SET hnsw.ef_search = 100;

This parameter controls the recall/latency trade-off at query time. Default is 40. Bumping it to 100–200 improves recall significantly with modest latency cost.

What about Prisma?

Prisma still lacks first-class vector support, but you can use it via Unsupported in the schema and $queryRaw in the query:

model Document {
  id        String   @id @default(uuid()) @db.Uuid
  projectId String   @db.Uuid
  chunk     String
  embedding Unsupported("vector(1536)")
  createdAt DateTime @default(now())
}

const results = await prisma.$queryRaw<Array<{ id: string; chunk: string; distance: number }>>`
  SELECT id, chunk, embedding <=> ${queryEmbedding}::vector AS distance
  FROM "Document"
  WHERE "projectId" = ${projectId}::uuid
  ORDER BY distance
  LIMIT ${k};
`;

It works, but you lose type safety inside the vector and the index has to be created via manual migration. That's why Drizzle ended up the default.

Gotchas I learned the hard way

Create the HNSW index AFTER loading data for big ingests. Building the index is expensive; loading with the index already in place is much slower.
Use halfvec if latency/memory get tight — pgvector 0.7 introduced half-precision (16-bit) vectors that cut index memory in half with negligible recall loss for most cases.
Don't mix embedding models. Vectors from different models are not comparable. If you change models, reindex everything.
Beware of giant chunks. Embeddings lose fidelity above ~500 tokens.

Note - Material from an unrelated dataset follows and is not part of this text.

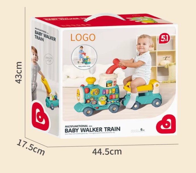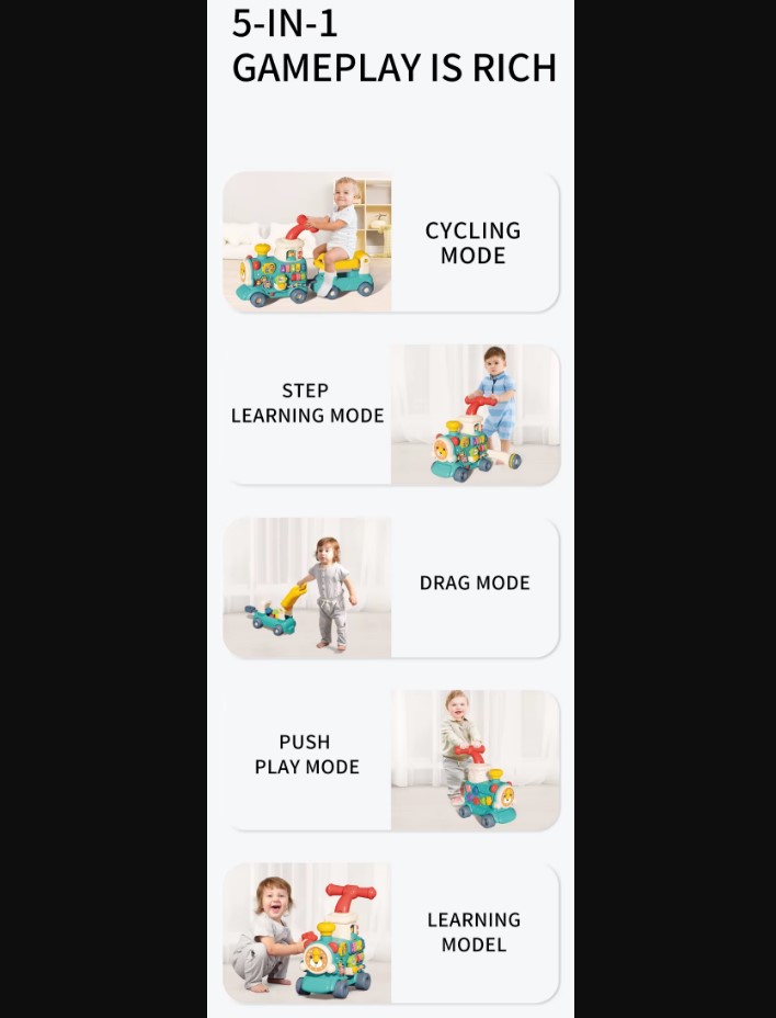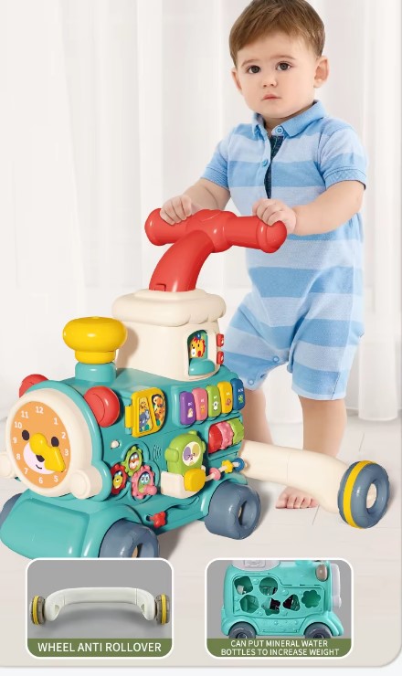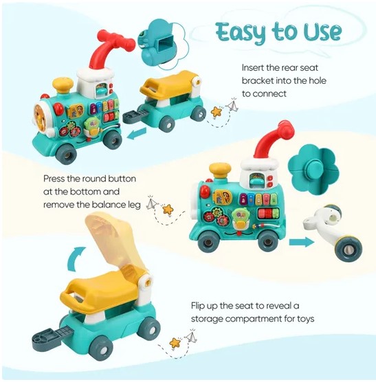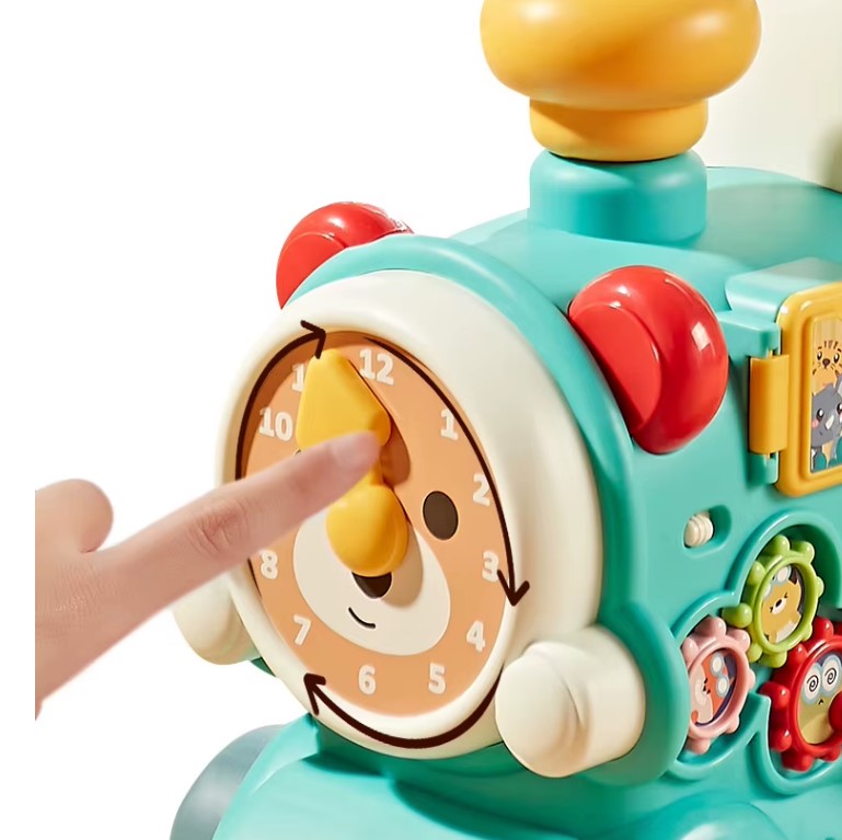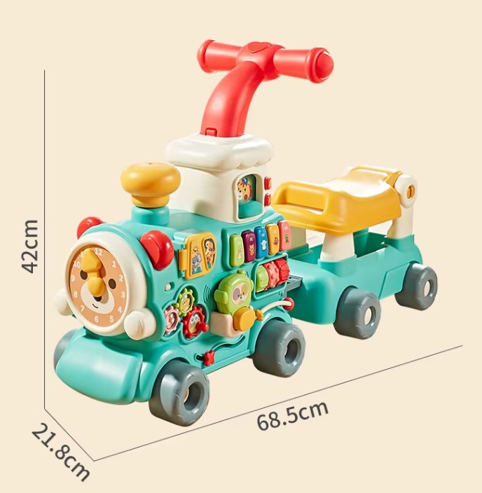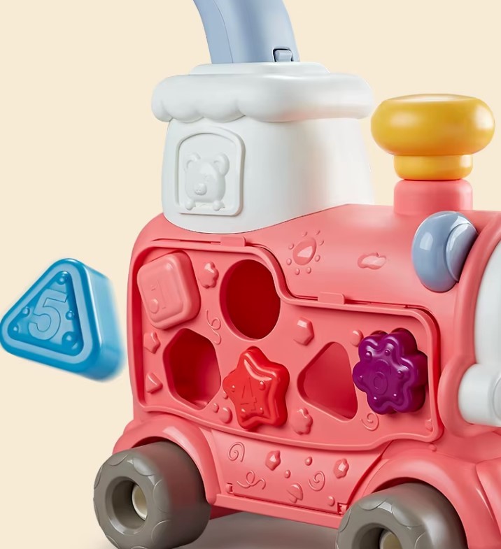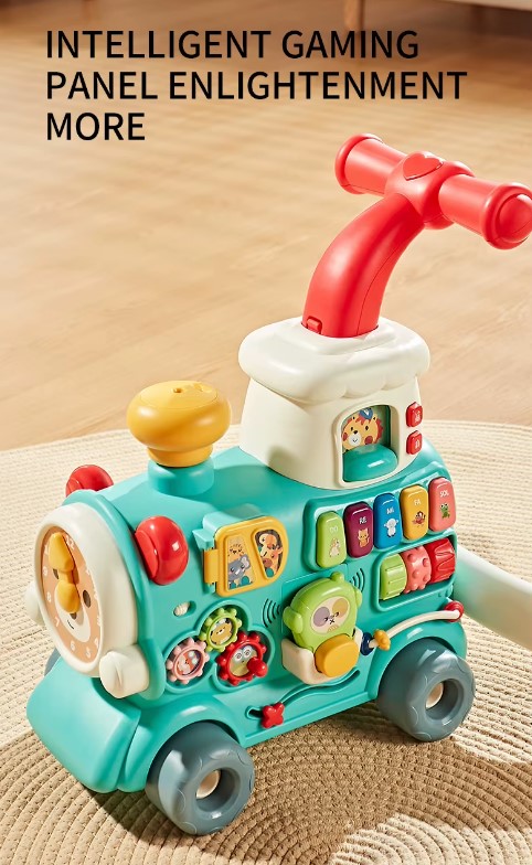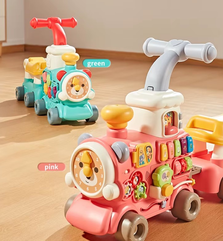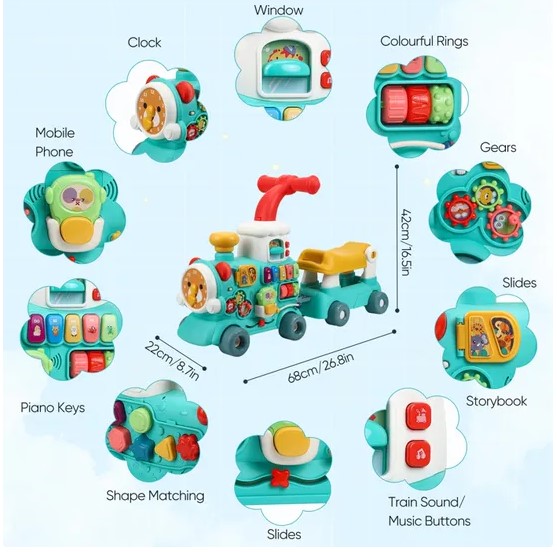 Acest antepremergător 5 în 1 combină distracția cu învățarea prin activități inspirate din pedagogia Montessori, oferind multiple funcții: jucărie de împins, tren de călărie, centru de activități educative, sortator de forme și jucărie muzicală cu aburi reali.

Use chunking with overlap (~50 tokens) and keep chunks semantically coherent.
For high scale, move the index to an Aurora read replica and route similarity queries there. Your primary's write workload won't feel it.

Closing

The stack decision for embeddings isn't purely technical — it's about how many systems you want to operate.

Every extra service is one more SDK, one more SLA, one more bill, one more mental model, one more failure mode. Postgres with pgvector folds that into a single place, with performance good enough for the overwhelming majority of agentic products today.

The rule I follow:

Start with pgvector. Move off it only when you have concrete evidence it no longer fits.

In practice, that moment takes a lot longer to arrive than the dedicated-vector-DB hype suggests.